The transmittance or transmittance T (X) of the display electrode 2 for light rays of the wavelength X can be defined as follows in the colored state:

-logT (X) = e (X) -o in which a denotes the amount of charge flowing over a unit area and e (X) a proportionality constant that indicates the “light resistance” of the electrochromic material in the case of light with the wavelength X.

If the electrochromic film material consists of WO3, the proportionality constant e (X) for light with the wavelength 590 nm can be specified as follows:

e (X = 590 nm) = 30-40 (cm2 / Coulomb)

The coloring process can be illustrated by the following reversible equation relationship:

WO3 + xM + + ze-1 ^ Mx + WChex_1 (transparent) (blue)

where the size M + denotes the ions H +, Li +, Na +, K + etc.

The ECD cell described so far is characterized by the following general properties:

(1) the viewing angle is extremely wide;

(2) the contrast is very high regardless of the viewing angle;

(3) low drive voltage (less than a few volts);

(4) A storage effect can be expected by which the coloring state can be maintained for several hours to several days after the coloring voltage is disconnected as long as the ECD cell is kept in the electrically open state.
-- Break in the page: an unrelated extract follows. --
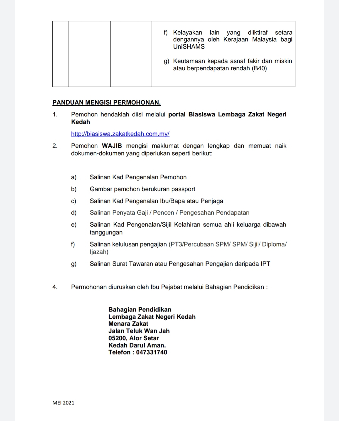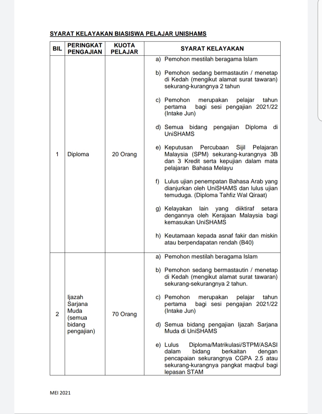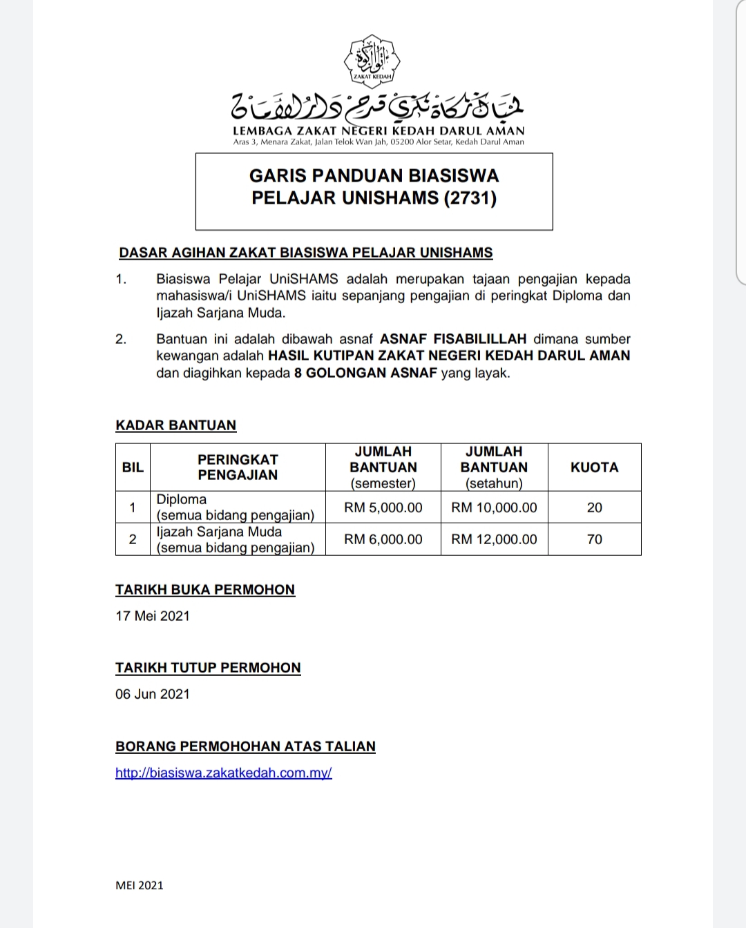 Garis Panduan Biasiswa Pelajar UniSHAMS

Of course, no external energy supply is required to maintain the storage effect;

(5) the degree of staining is determined by the amount of charge flowing through the cell and

(6) the energy consumption is proportional to the display size and the repetition rate, i.e. H. on the number of dyeing / bleaching cycles.

ECD cells are well suited for display devices in portable electronic devices since very low operating voltages such as are supplied by a single power supply cell are sufficient.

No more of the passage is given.